Write the records out again exactly, leaving no images in.
START RECORD EXCERPTS
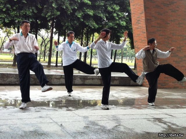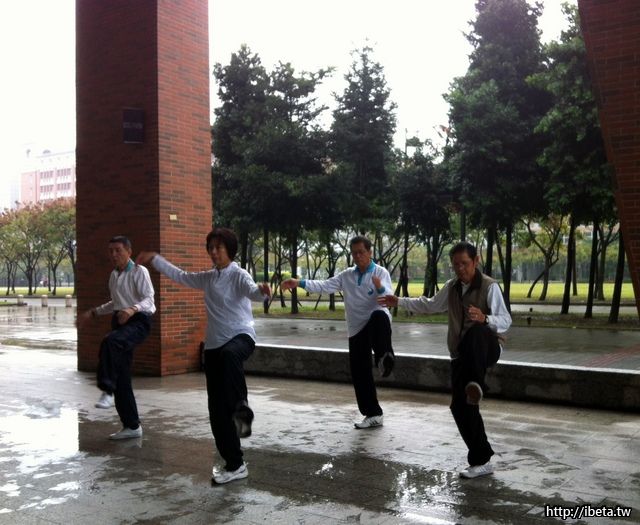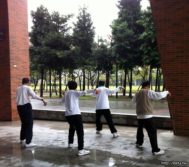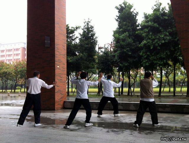 動作雖然不是很標準,但是在陰雨的清晨以太極拳迎接新的一天,人生充滿了希望。
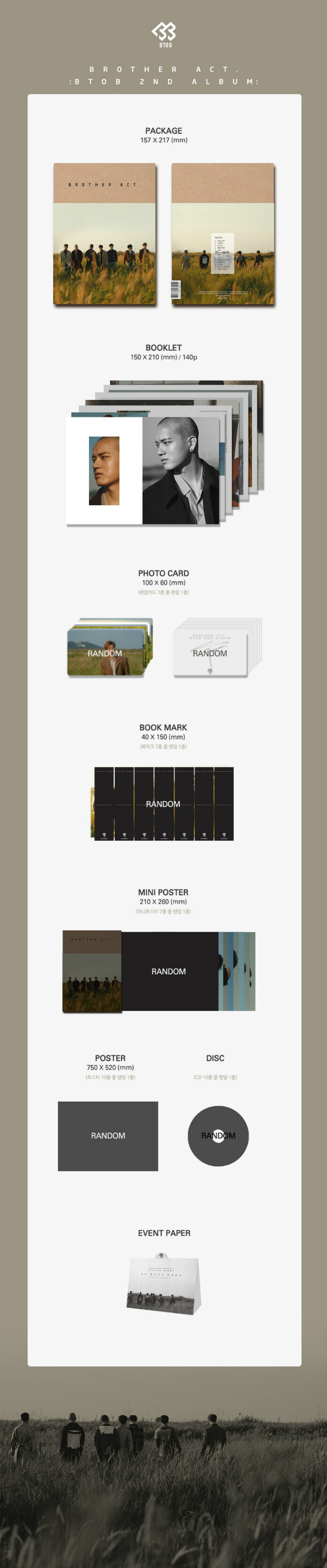 지난 3월 미니앨범 [Feel'eM]에 이어 5개월동안의 대장정의 솔로 프로젝트 [Piece of BTOB]로 멤버 개개인의 매력을 한껏 발산하며 끊임없이 팬들의 곁에서 노래를 들려주던 비투비가 정규 2집 [Brother Act.]를 가지고 컴백한다. 트렌치코트, 체크무늬 자켓으로 한층 성숙된 모습을 보여준 컨셉트 포토는 그 동안 비투비의 유쾌하고 귀여움과 극대화되는 가을 남자로 변신해 시선을 끌었다.
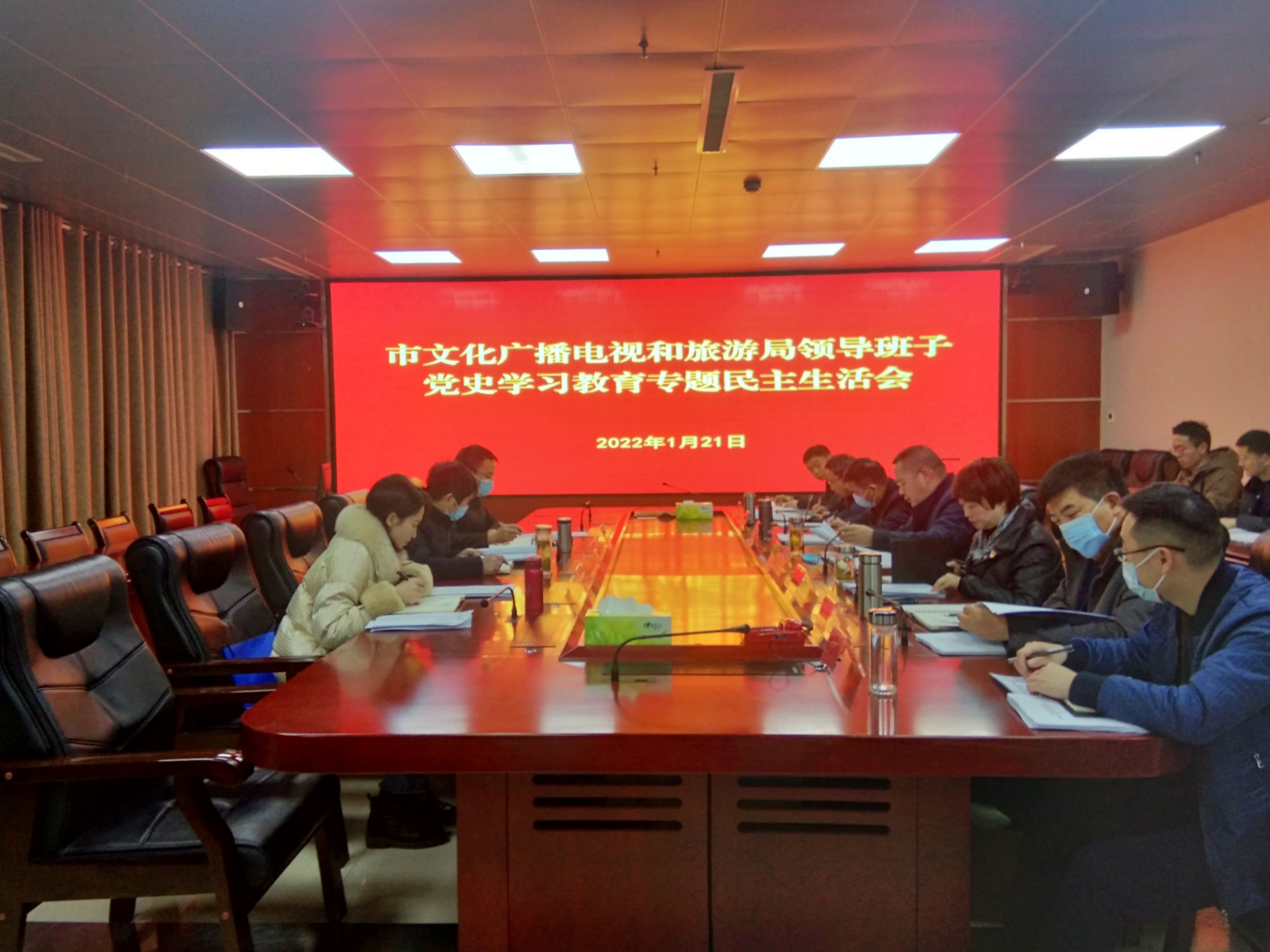 2022年1月21日,市文化广电旅游局召开2021年度领导班子党史学习教育专题民主生活会,党组书记、局长、市文物局局长罗全生同志主持会议。市级部门单位领导班子党史学习教育专题民主生活会第四督导组组长罗家松同志、市纪委监委驻市委宣传部纪检监察组组长王镜云同志到会指导。局班子全体成员出席会议,局办公室、人事科、机关党办负责同志列席会议。
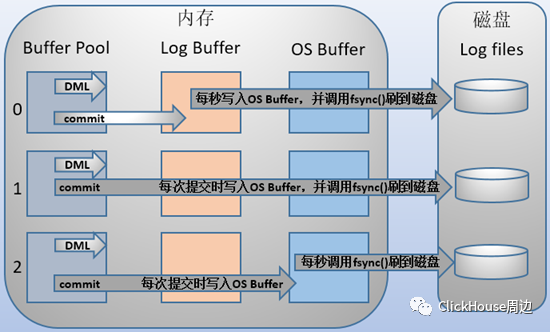 当设置为2的时候,每次提交都仅写入到os buffer,然后是每秒调用fsync()将os buffer中的日志写入到log file on disk。
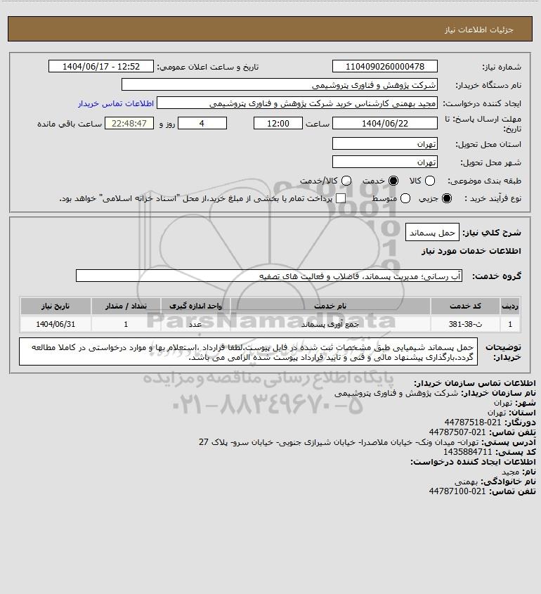 توضیحات خریدار:حمل پسماند شیمیایی طبق مشخصات ثبت شده در فایل پیوست.لطفا قرارداد ،استعلام بها و موارد درخواستی در کاملا مطالعه گردد.بارگذاری پیشنهاد مالی و فنی و تایید قرارداد پیوست شده الزامی می باشد.
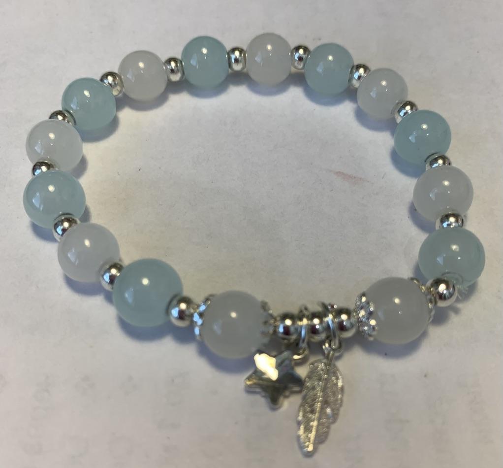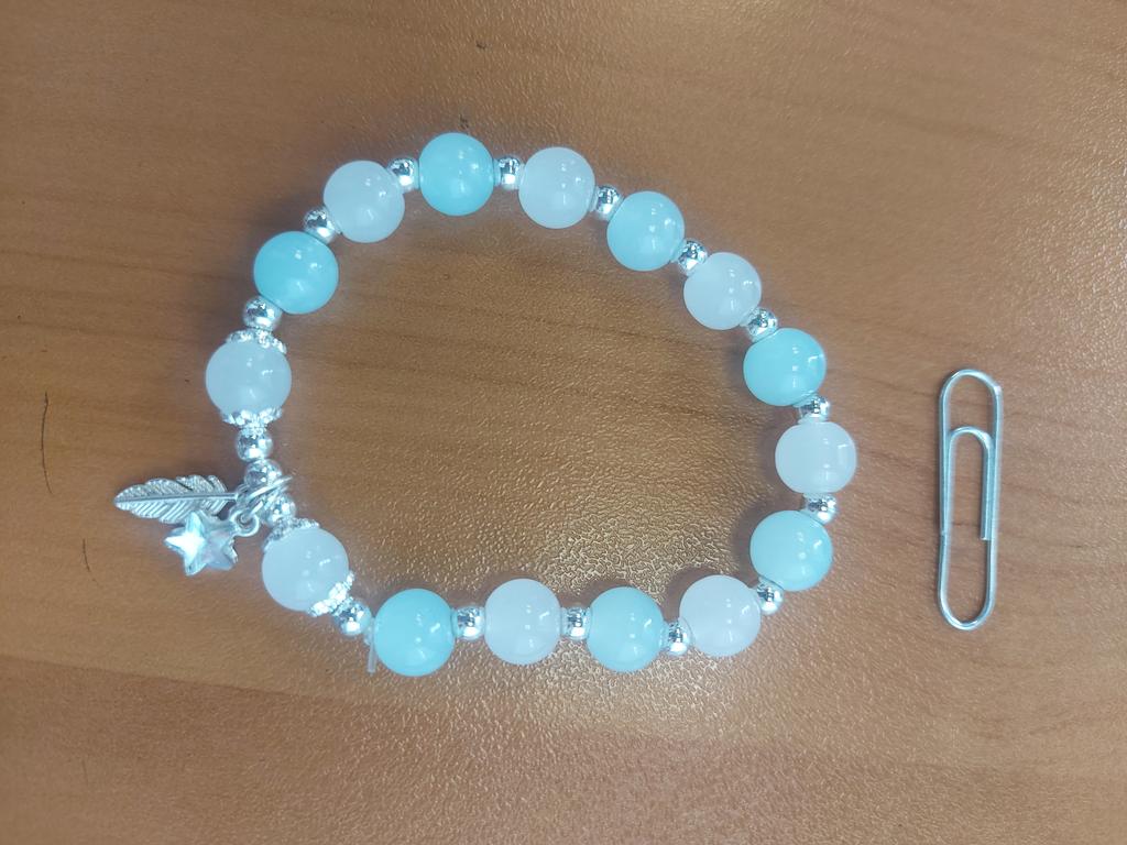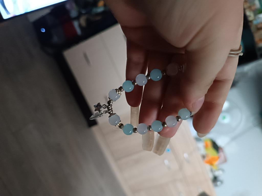 hübsches Armband auf Gummifaden, schade, dass es etwas klein ist (weniger als 17 cm), obwohl es nicht stark spannt
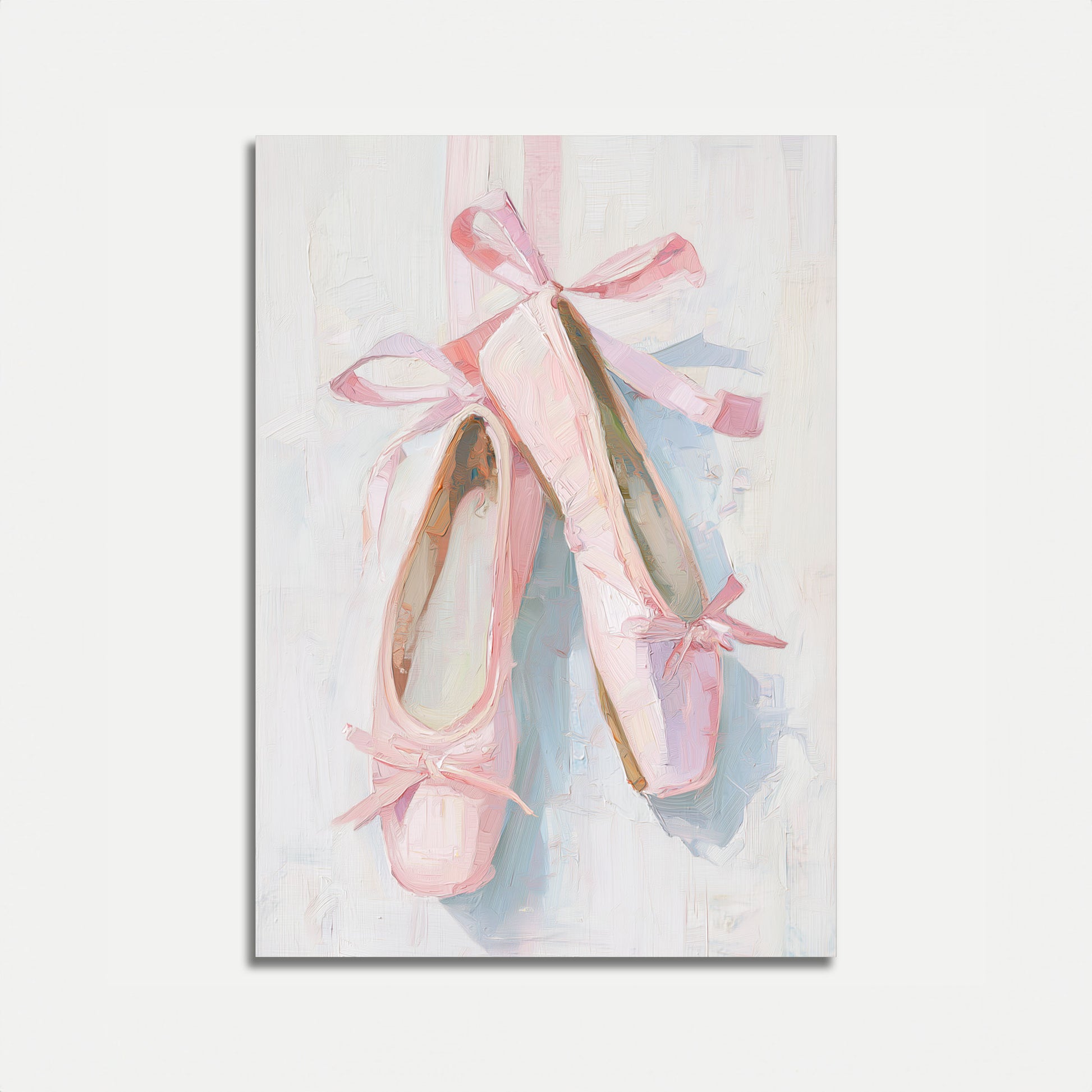 Immerse yourself in the soft, dreamy world of dance with these elegantly painted pink ballet pointe shoes. The artwork captures the graceful essence of ballet through delicate brushstrokes, featuring blush-toned shoes adorned with tender ribbons against a gentle blue-white background. Each stroke seems to whisper the poetry of movement and artistic expression.
END RECORD EXCERPTS
ANSWER ->
 動作雖然不是很標準,但是在陰雨的清晨以太極拳迎接新的一天,人生充滿了希望。
 지난 3월 미니앨범 [Feel'eM]에 이어 5개월동안의 대장정의 솔로 프로젝트 [Piece of BTOB]로 멤버 개개인의 매력을 한껏 발산하며 끊임없이 팬들의 곁에서 노래를 들려주던 비투비가 정규 2집 [Brother Act.]를 가지고 컴백한다. 트렌치코트, 체크무늬 자켓으로 한층 성숙된 모습을 보여준 컨셉트 포토는 그 동안 비투비의 유쾌하고 귀여움과 극대화되는 가을 남자로 변신해 시선을 끌었다.
 2022年1月21日,市文化广电旅游局召开2021年度领导班子党史学习教育专题民主生活会,党组书记、局长、市文物局局长罗全生同志主持会议。市级部门单位领导班子党史学习教育专题民主生活会第四督导组组长罗家松同志、市纪委监委驻市委宣传部纪检监察组组长王镜云同志到会指导。局班子全体成员出席会议,局办公室、人事科、机关党办负责同志列席会议。
 当设置为2的时候,每次提交都仅写入到os buffer,然后是每秒调用fsync()将os buffer中的日志写入到log file on disk。
 توضیحات خریدار:حمل پسماند شیمیایی طبق مشخصات ثبت شده در فایل پیوست.لطفا قرارداد ،استعلام بها و موارد درخواستی در کاملا مطالعه گردد.بارگذاری پیشنهاد مالی و فنی و تایید قرارداد پیوست شده الزامی می باشد.
 hübsches Armband auf Gummifaden, schade, dass es etwas klein ist (weniger als 17 cm), obwohl es nicht stark spannt
 Immerse yourself in the soft, dreamy world of dance with these elegantly painted pink ballet pointe shoes. The artwork captures the graceful essence of ballet through delicate brushstrokes, featuring blush-toned shoes adorned with tender ribbons against a gentle blue-white background. Each stroke seems to whisper the poetry of movement and artistic expression.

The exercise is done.